The importance of human beings as individuals and the manner in which they inter-relate with relatives and friends does not diminish in significance following death. It is important for the bereaved to know that the burial or cremation is individually carried out, and the following requirements must, therefore, be met:-
- No coffin/container/shroud shall be accepted at a cemetery unless the name of the deceased therein is clearly shown.
- The identity shown on the coffin/container/shroud shall be verified at every funeral.
- If burial is to occur, the body and its coffin/container/shroud shall be placed in the identified grave.
- If cremation is to occur, the body shall be cremated individually and the correct identity shall be maintained throughout the process.
- If requested by the Applicant for Cremation or Burial the lid of the coffin or container may be removed for the duration of the chapel service and subsequently replaced prior to the committal (This action cannot be permitted in cases where cause of death is a notifiable disease).
Requirements relating to burial
- After the coffin/container/shroud and body have been committed into the grave, they shall not be removed or otherwise disturbed except for lawful exhumation, by licence and/or faculty or by the order of a Coroner/Procurator Fiscal.
- Immediately after the mourners have departed the graveside, the grave shall be entirely backfilled and made tidy. This work will be completed on the day of the burial and must not extend overnight.
Requirements relating to cremation
- A body shall not be removed from the crematorium after the service of committal, except by order of a Coroner/Procurator Fiscal or for some other valid reason.

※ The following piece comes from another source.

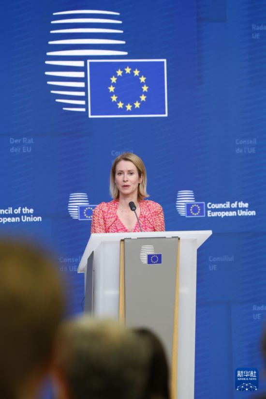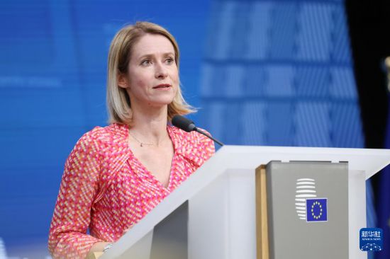 5月20日,在比利时布鲁塞尔,欧盟外交与安全政策高级代表卡拉斯在新闻发布会上讲话。新华社发(欧盟供图)

- The container and the body shall be placed in a cremator and cremation commenced no later than 72 hours after the service of committal. Where cremation may not be carried out on the same day, the Applicant for Cremation shall be notified.
- The coffin or container with the body inside shall not be opened or otherwise disturbed after the committal other than in exceptional circumstances and then only in the presence of and with the permission of the Applicant for Cremation, or for a lawful purpose as directed by a higher authority.
- Once a coffin or container has been placed in a cremator, it shall not be disturbed until the process of cremation is complete.
- On completion, the whole of the cremated remains shall be removed from the cremator and reduced to granular form, except where this is specifically not requested, and shall be disposed of or released according to the instructions of the Applicant for Cremation.
- Cremated remains placed in the Garden of Remembrance shall be treated with reverence and respect. If strewn, they should be obscured by soil or brushing. Where a local practice of strewing in the form of a cross or other pattern has developed, it is acceptable providing it does not result in the unsightly build-up or prolonged visibility of the cremated remains. Cremated remains must be labelled and released in suitable, unused containers and, when sent by registered post or secure carrier, capable of withstanding transit without damage.
COMMERCIALISATION OF PRODUCTS OR RESIDUES OF CREMATION
The products or residues of a cremation shall not be used for any commercial purpose
Everyone has the right to inspect the crematorium or cemetery during normal working hours, upon application to the manager of the facility.
The ICCM Guiding Principles will be regularly reviewed and updated where appropriate, to ensure that they remain relevant and meet the changing needs of the bereaved, the environment and the society in which we all live.